A pride-filled smile pulled at my mouth. She hadn’t only bested him, she’d dismantled him piece by piece. She could’ve humiliated him, but she didn’t.

Restraint like that was rarer than raw power. I’d fought beside warriors who could break armies but had no control over when to stop. Isi knew exactly where the line was and how to walk it without stumbling.

I glanced at the others, who were all watching now. Lexie was nodding to herself, a half-smile on her face.

Maddox might not have respected Isi before, but after this display? He’d be a fool not to.

Isi climbed off him fluidly, a cat who knew the kill had already been made. She didn’t gloat or preen. Only rolled her shoulders, her eyes flicking to me for the barest second, a glance that felt like a hand closing around my throat.

Heat flared through me.

If she ever turned that look on me in private, without an audience and without rules, I wasn’t sure whether I’d end up on my knees or flat on my back. I was open to either.
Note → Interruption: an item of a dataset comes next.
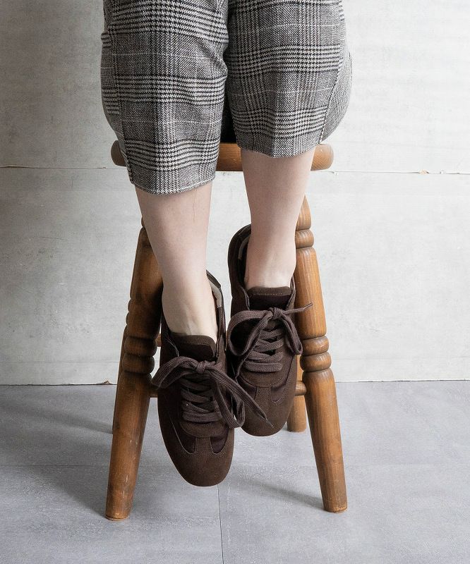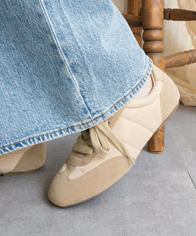 レースアップ仕様で足にフィットしやすく、丸すぎず細すぎない絶妙なシルエットも魅力。

Maddox stood, wiping blood from the corner of his mouth, and stared at her like he didn’t know what she was.

Maybe none of them did.

But I did.

The room echoed with scattered conversation and shallow laughter.
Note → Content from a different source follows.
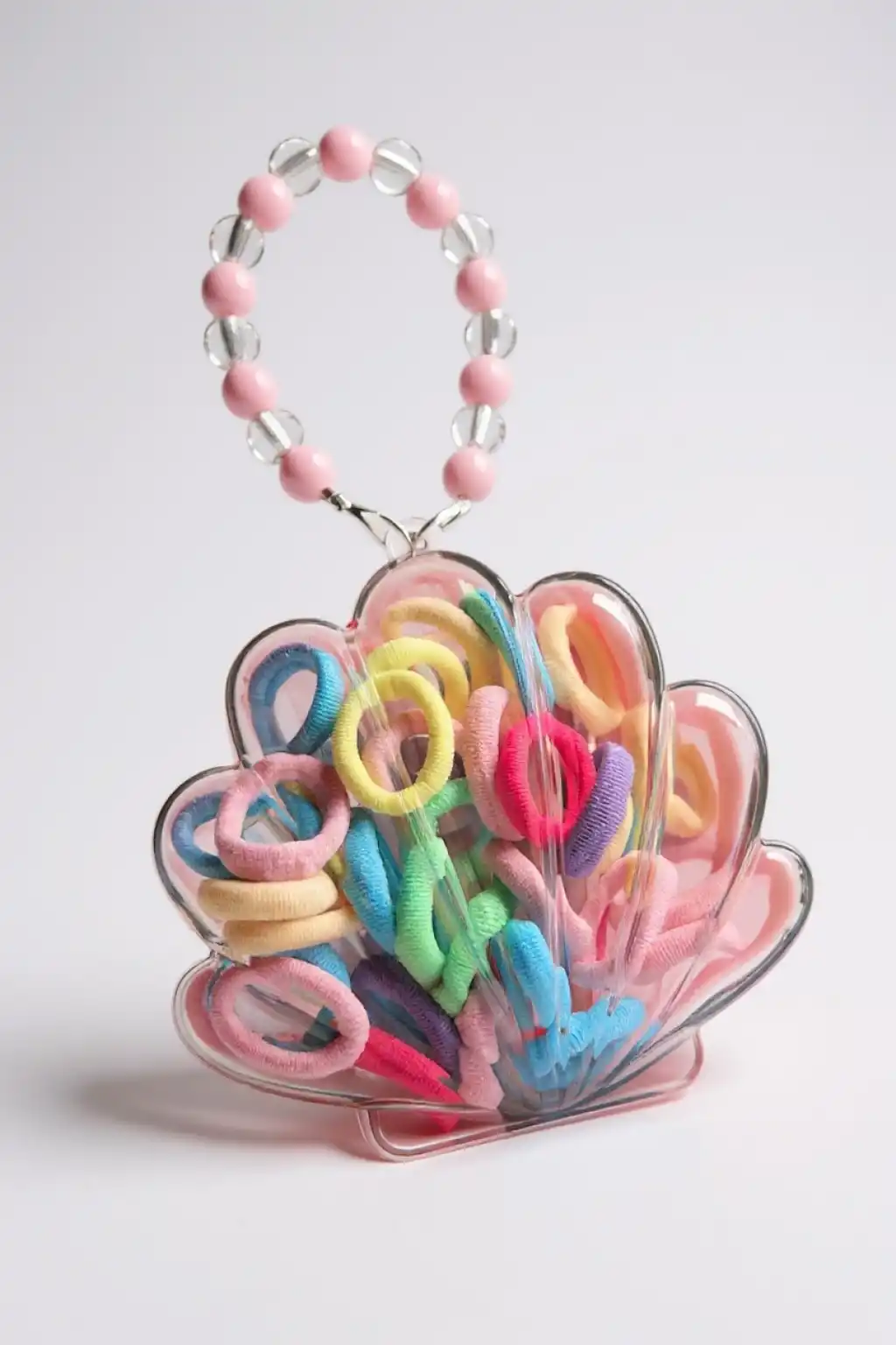 Miniklere özel hazırlanan bu renkli çocuk tokası seti, sevimli çanta tasarımıyla hem kullanışlı hem de eğlenceli! Şeffaf deniz kabuğu formundaki mini çantanın içinde, yumuşak dokulu ve saçlara zarar vermeyen çoklu renkli mini lastik tokalar bulunur.

Isi stood near the edge of the mat, stretching the tension from her shoulders like it hadn’t been a real fight. Like Maddox hadn’t come for her blood. Her braid was half unraveled, and sweat made her tunic cling to her frame. She tilted her head toward Lexie as if she was going to say something.

I forgot the warriors, the hall, the world. If I leaned in, I could follow the faint sheen of sweat there with my mouth, trace it to where her pulse beat hard and fast. I needed to know if it jumped for me or the fight.

And then I felt it.

A spear tore itself from the mount on the wall with a shriek of metal.

It ripped across the room, aiming for Isi.

Something in me snapped taut, and my body moved before my mind caught up. Stone underfoot shivered as my power surged, reflexive, ready to throw walls between her and the threat. I reined it in mid-stride. In a flash, I was across the mat, reaching for her.

One heartbeat Isi was standing, her spine exposed. The next, I slammed into her. We hit the mat hard. I wrapped my arms around her and rolled to place her beneath me. To protect her with my own body.

The wind was knocked from us both, and the wounds on my chest screamed.

My heart roared against my ribcage while the scent of her filled my lungs. Her breath hit the hollow of my throat, and my body decided the spear wasn’t the most dangerous thing in the room anymore.

The weapon punched through Crey’s chest where he stood on the mat beside Kerralyn, emerging out the other side. He looked down, blinking, confusion clouding his face. A choke, and blood bubbled out of his mouth, splattering on the mat by his feet.

Kerralyn groaned and reeled away from him, her gaze scanning the room.

With a sigh, Crey slumped forward, landing hard on the mat with a sickening thud, driving the spear the rest of the way through his chest.

Ashmaw shrieked, a high, mournful sound that was echoed by the other companions.

A pop, and he was gone.

I was still half on top of Isi, my arms wrapped around her, her breath fanning my collarbone in quick gusts.

Kerralyn shouted for a healer. Bryson swore. Lexie kept whispering, “No no no,” in a prayer she knew wouldn’t be answered.

Isi swallowed hard beneath me.

Above, the shadows behind the viewing glass shifted.